O intrapessoal (comigo mesmo) e o interpessoal com meus familiares e amigos).

Isso nos mostra que a arte do bem viver, ou viver feliz, é saber se relacionar.

No nível intrapessoal, pessoas que são muito exigentes se cobram demais, não se perdoam, estão sempre usando compara­ções com outras pessoas “melhores” do que elas e muitas vezes não sabem se relacio­nar com elas mesmas.

Essas pessoas criam um padrão assim: Elas exigem perfeição de si mesmas, quando não atingem (em geral quase nunca atin­gem), se comparam com outras pessoas, assim elas de depreciam, depois se criticam (ferindo sua auto estima), depois elas se julgam maculando sua própria imagem mental, e não satisfeitas com isso, elas mes­mas se condenam, tornando-se em suas maiores algozes e por fim, determinam sua própria sentença de culpa (que é um tipo de morte emocional), não se perdoando pelo seu próprio limite. Em outras pala­vras, ELAS NÃO CONSEGUEM SE AMAR.
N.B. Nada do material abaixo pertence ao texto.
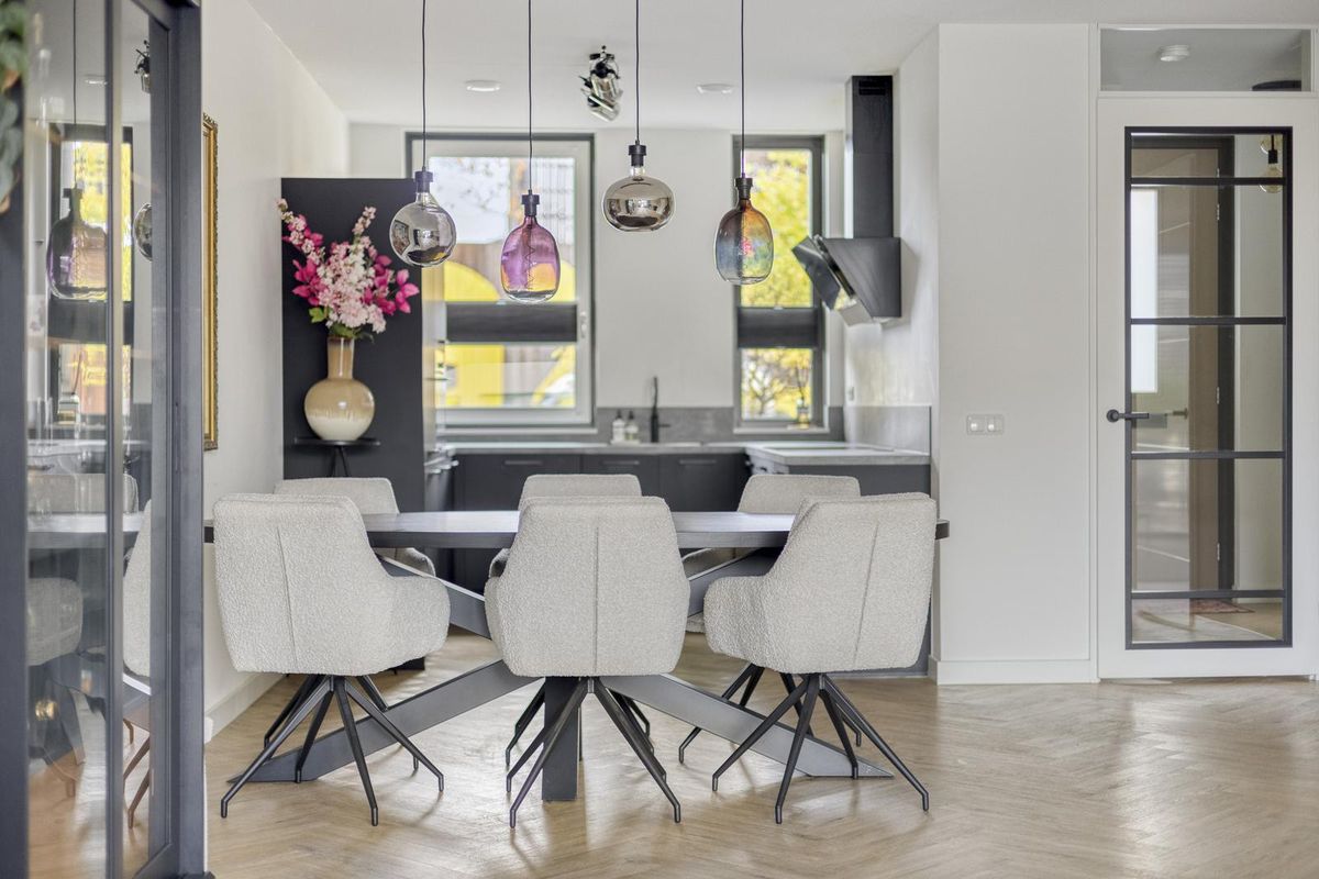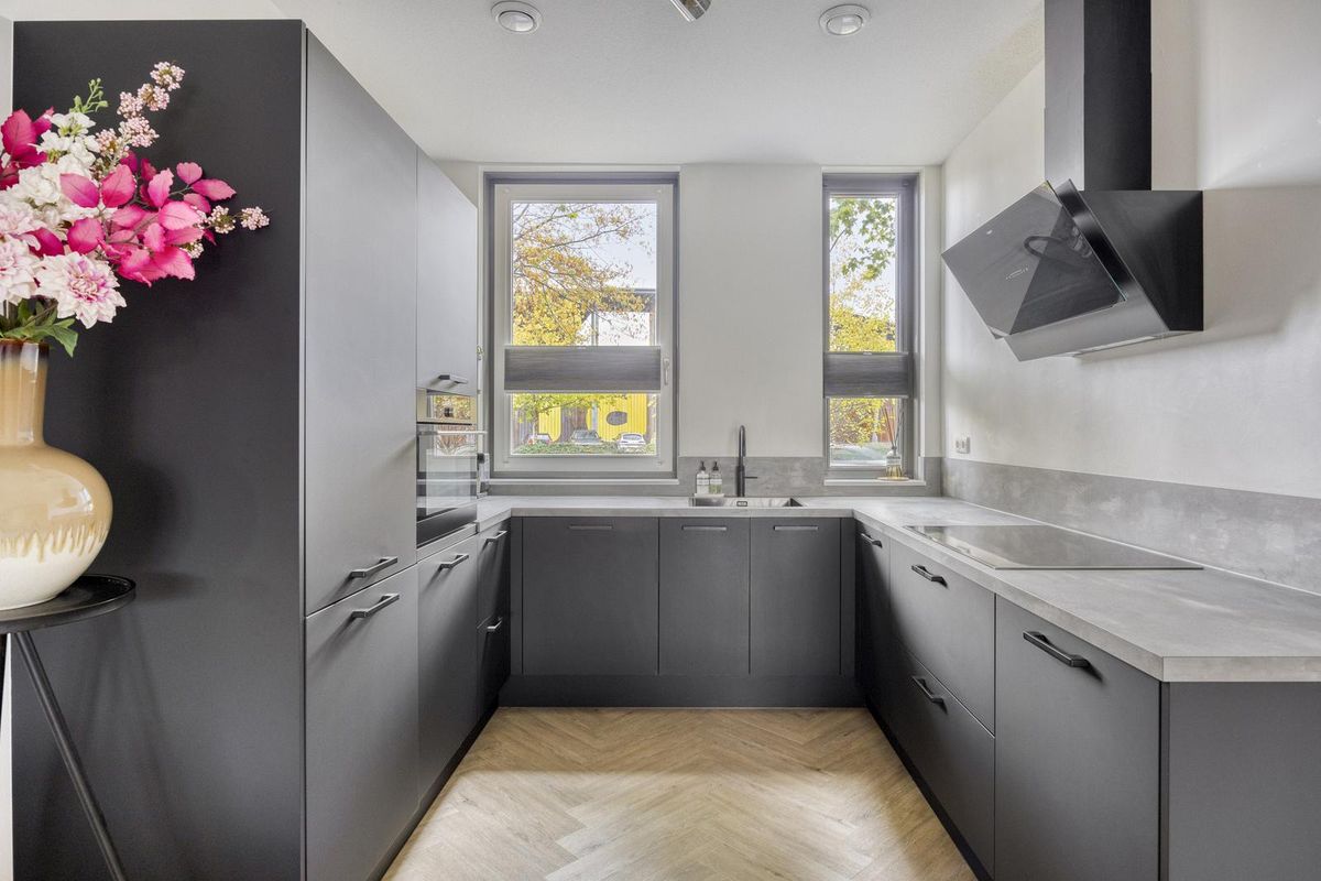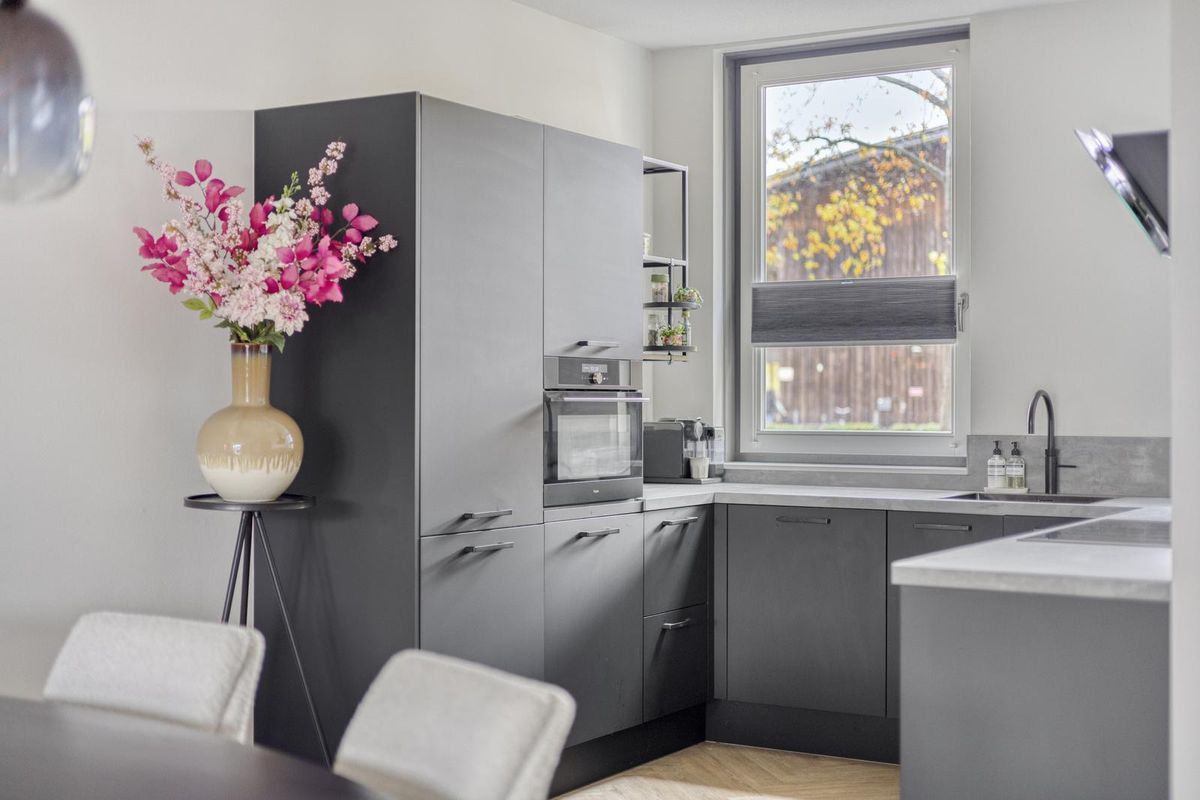 De woonkamer is ruim, licht en strak afgewerkt met renovlies wanden en dezelfde fraaie PVC vloer als in de hal. Het zitgedeelte ligt aan de achterzijde, met uitzicht op de tuin. Hier past met gemak een grote loungebank! Centraal in de ruimte is plek voor een royale eettafel, en de trapkast biedt extra bergruimte. Extra comfort? Ja hoor: er is airco aanwezig. Aan de voorzijde vind je de moderne U-keuken in antraciet met zwarte grepen en een stoer betonlook blad. Uiteraard compleet met zwarte Quooker, combi-oven, koel-vriescombi, inductiekookplaat en afzuigkap. Een keuken om van te houden, en om in te koken!

Já no nível interpessoal, pessoas que não sabem se relacionar, não conseguem criar ligas com seus familiares, tentam se “es­conder” dentro de um trabalho (carreira, empresa, business) e com isso elas passam “toda sua vida” trabalhando para criar um futuro bom para a familia.

Essas pessoas perdem a juventude de seus filhos e o companheirismo de seus conjuges. Em ambos os casos, eles não conseguem ver o “envelhecimento” de sua família e nem de participar de suas atividades. Perdem a vida deles. Estão ao seu lado mas não viveram com eles. NÃO CONSEGUEM AMAR OS SEUS.

Quem já não ouviu falar desse grande man­danto cristão: AME A DEUS SOBRE TODAS AS COISAS E AO PRÓXIMO COMO A SI MES­MO. Como AMAR ao próximo se eu não me amo? Percebe aqui as duas inteligências em conflito? A Intrapessoal (não me amo) com a interpessoal (dever de amar ao outro).

O mundo está ficando carente é de amor. As pessoas hoje em dia somente precisam de amor. Não há nada na vida que substitua o “sentar de frente e olhar no olho”. Por mais que as pessoas hoje se dizem frias e sem necessidade de relacionamento.

Viver essa “nova doutrina”é um grande desafio a nós hoje em dia, devido ao tanto de distrações que nosso mundo moderno nos oferece para “roubar” nossos relacio­namentos. A cada dia, uma nova mídia social surge, um novo produto, uma nova aventura individualizada, e isso vai afastan­do as pessoas de se relacionarem.

Precisamos aprender e desenvolver nossas habilidades e nossas inteligências multiplas na área de relacionamentos para criarmos o mundo que desejamos e o padrão de felicida­de que nos cerca. Lembre-se da pesquisa da Bronnie Ware. As pessoas se sentem infelizes quando olham para trás e percebem que perderam seu tempo, não relacionando com quem amam de verdade e quem são de fato importantes para elas.

Que tal aproveitar esse momento para prati­car as duas inteligências? Que tal você se de­clarar para o grande amor de sua vida: VOCÊ ! Que tal você pegar as pessoas que mais te importam e criar um momento mágico para se relacionarem de forma mais efetiva e real?

Vida, só se tem uma! E a única coisa que nin­guém consegue gerir é o tempo perdido. Esse não volta mais, nunca mais. O que perdeu, perdeu. Na minha prática como coach, sou procurado por milhares de pessoas que per­deram muito tempo e agora querem “recupe­rar o tempo perdido”. Tempo não se recupera, por isso é importante aprender a ressignificar os relacionamentos. Ressignificar a vida. E buscar viver uma VIDA FENOMENAL, que é um direito de todos. Fica aqui o meu conse­lho: “Enquanto dá tempo, faça sua vida valer a pena”. Seja feliz nos seus relacionamentos.